• TASK OBJECTIVE: At the line containing "お仏壇のやまきのセールイベントや営業案内など新着更新情報をご案内します。", begin an exact copy of the lines below and continue through the final one, with no pictures.

DATASET CONTENT START

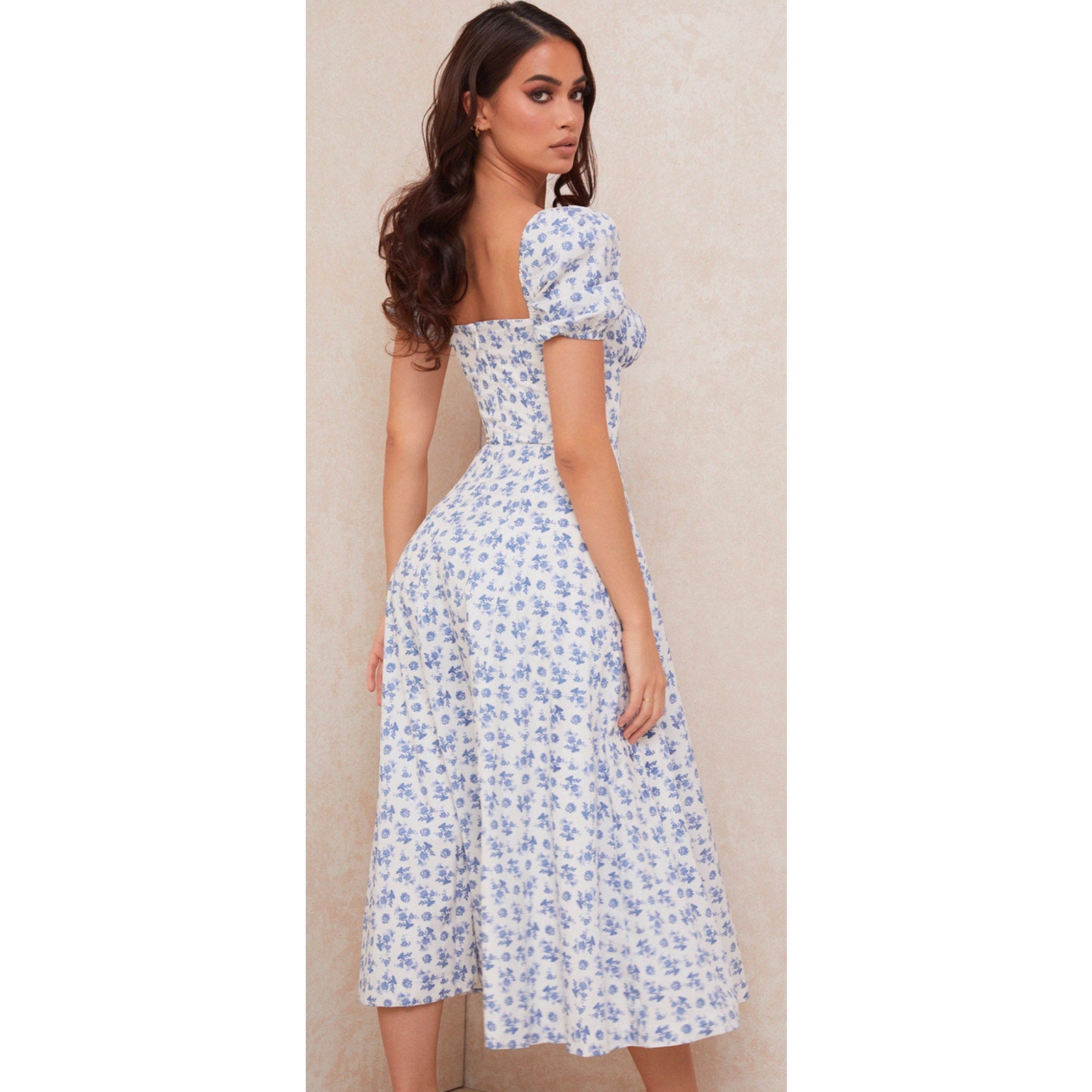 TALLULAH BLUE WHITE FLORAL MIDI DRESS
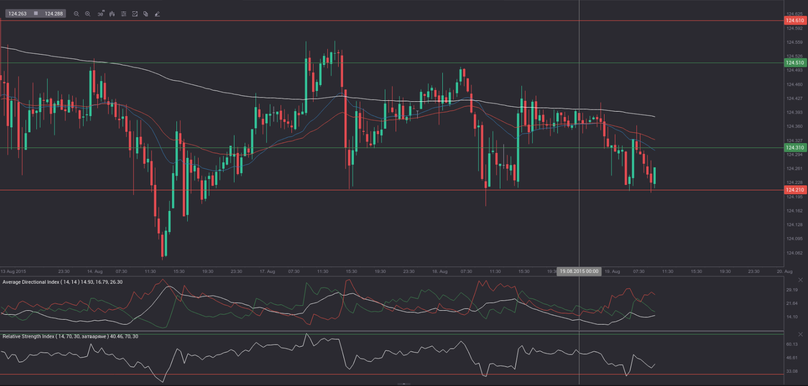 S3 (range support – green on the 30-minute chart) – 124.31
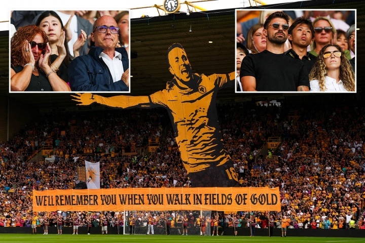 若塔的父母、妻子卢特-卡多佐,以及也曾在狼队效力过的葡萄牙球员鲁本-内维斯出席了仪式。
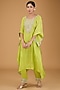 Featuring a yellow kaftan in habutai silk base with silver dori detail and hand embroidery. It is paired with straight pants. Accentuate with statement jewellery and heels for festive occasions.
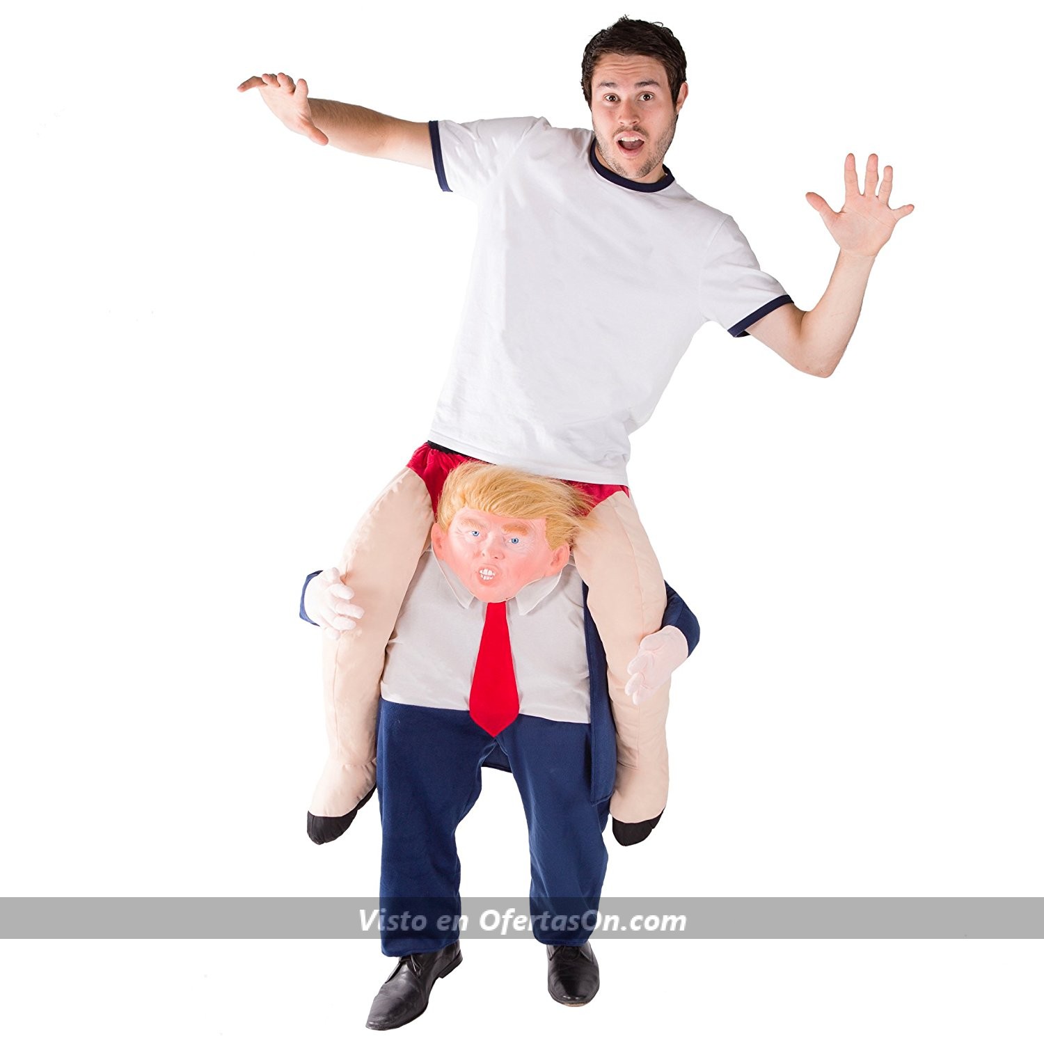 disfraz a hombros de donald trumpSi quieres triunfar estos carnavales, aprovecha esta oportunidad de ir a hombros del personaje más polémico del último año: el mismísimo Donald Trump. Pero con este disfraz, es Donald Trump quien te lleva a hombros, y no al revés. Es un disfraz para adultos de talla única (cintura elástica con cinturón de hasta 42″). Además, el conjunto pesa solo 1 Kg, por lo que podrás moverte con libertad, algo que a Trump no le gusta mucho.
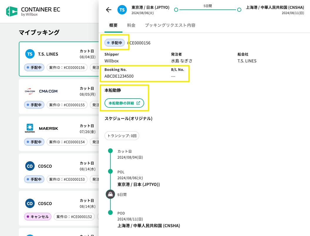 また、その他のアップデートとして、ブッキングステータスの表示やBooking No.とB/L No.の確認が可能になりました。
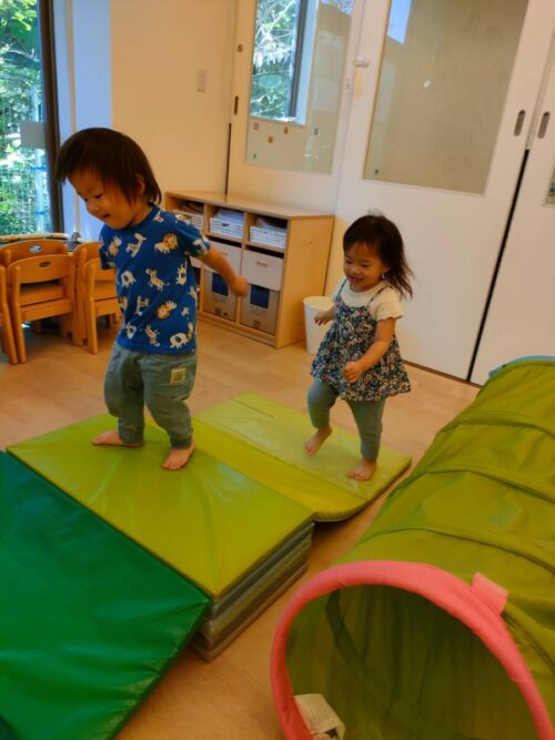 体もたくさん動かしましたトンネルやマットなど思いっきり体を動かして楽しんでいましたよ
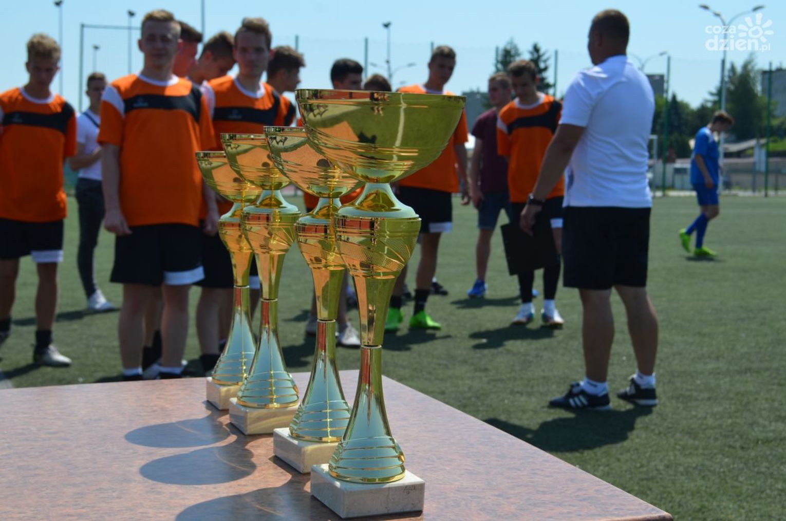 Puchary w imieniu starosty opatowskiego Tomasza Stańska wręczył organizator turnieju - Marcin Stańczyk, dyrektor Zespołu Szkół w Ożarowie.
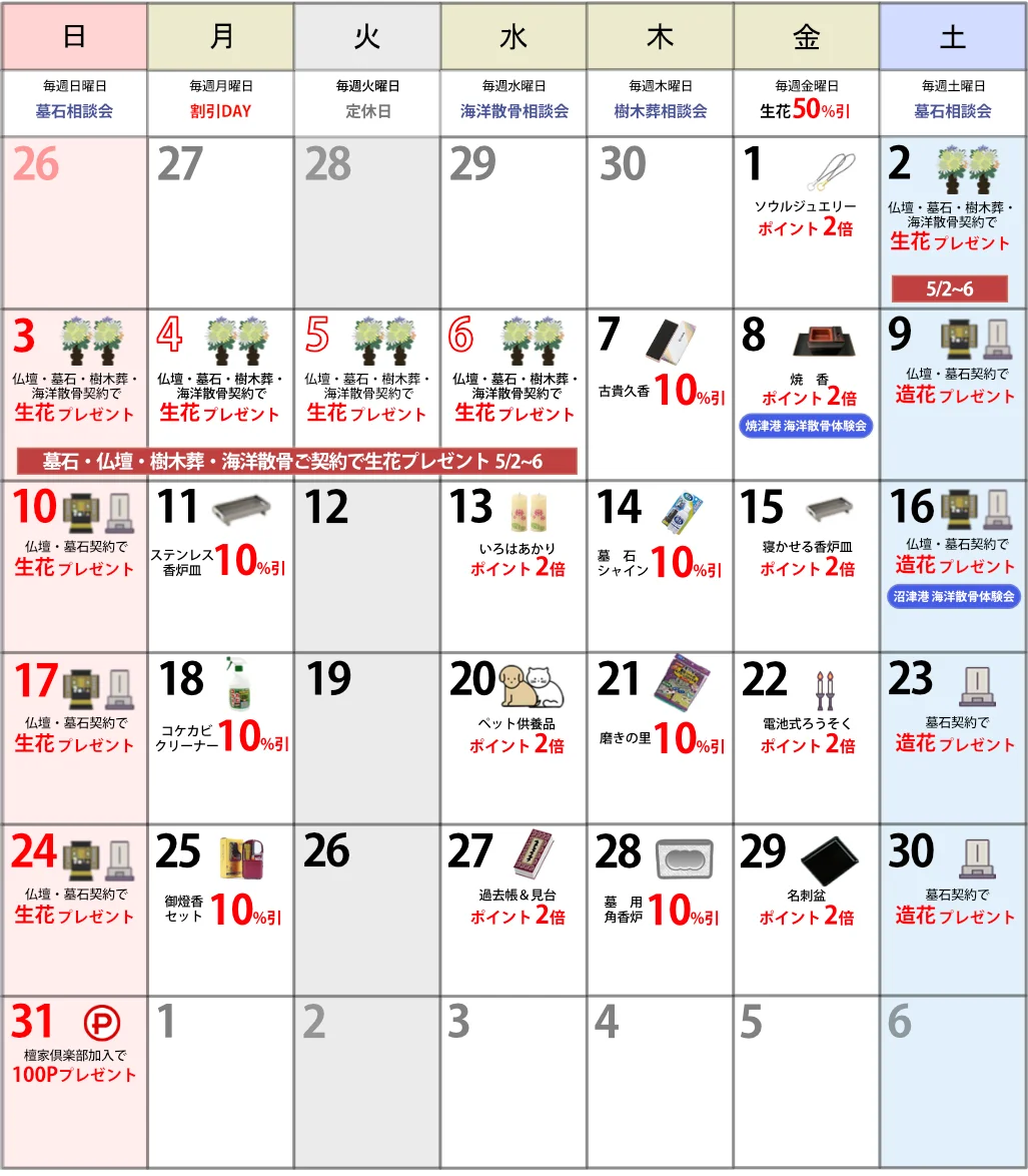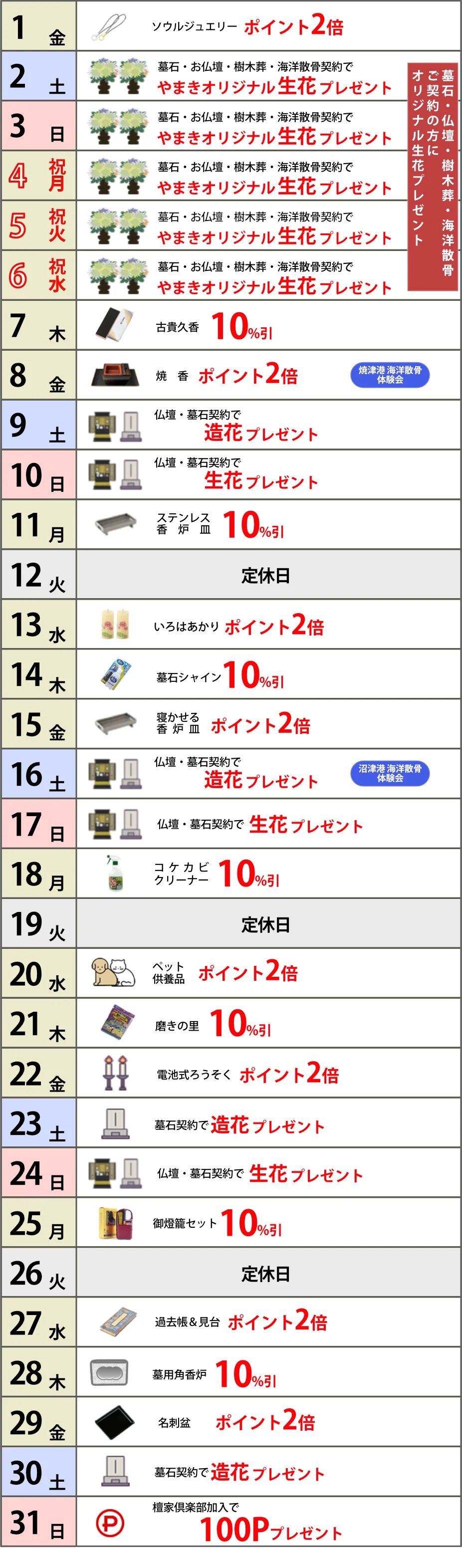 お仏壇のやまきのセールイベントや営業案内など新着更新情報をご案内します。
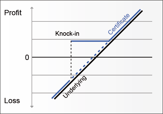 A Bonus Certificate turns into a Tracker Certificate after breaching the Barrier |
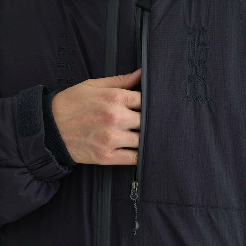 森羅万象を意味する「藝術科学思想自然」を左胸に、 右胸にはNANGAの30周年に渡る足跡を讃える「山岳厳冬実践英知」をボディ同色の刺繍。ナンガとタコマフジのダブルネームらしいデザインに。
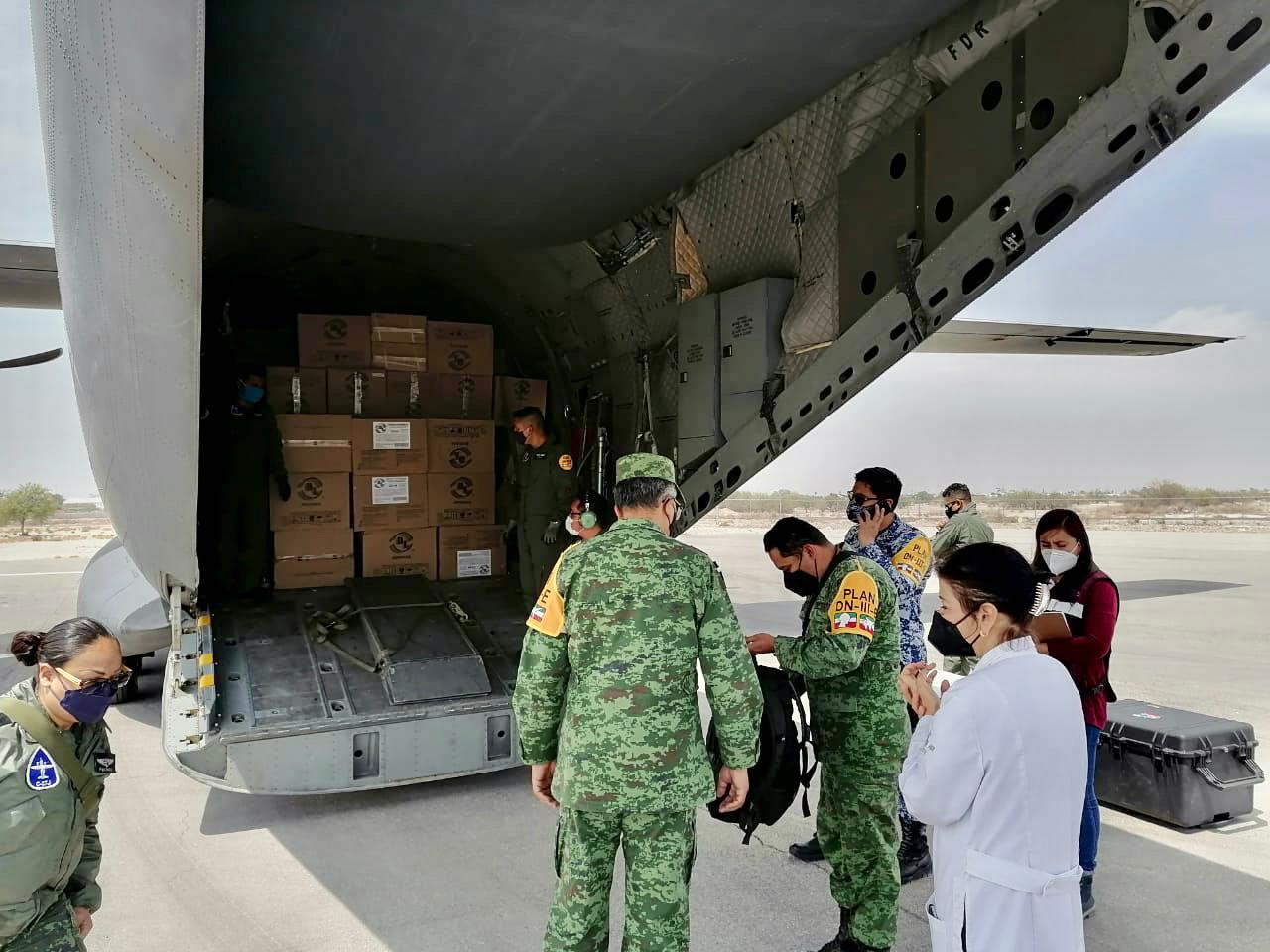 [Un total de 18 mil 80 vacunas SINOVAC y las primeras 2 mil 360 dosis CANSINO arribaron este lunes a la base militar aérea en la Ciudad de Torreón.

DATASET CONTENT END

• REPLY:
 お仏壇のやまきのセールイベントや営業案内など新着更新情報をご案内します。
 A Bonus Certificate turns into a Tracker Certificate after breaching the Barrier |
 森羅万象を意味する「藝術科学思想自然」を左胸に、 右胸にはNANGAの30周年に渡る足跡を讃える「山岳厳冬実践英知」をボディ同色の刺繍。ナンガとタコマフジのダブルネームらしいデザインに。
 [Un total de 18 mil 80 vacunas SINOVAC y las primeras 2 mil 360 dosis CANSINO arribaron este lunes a la base militar aérea en la Ciudad de Torreón.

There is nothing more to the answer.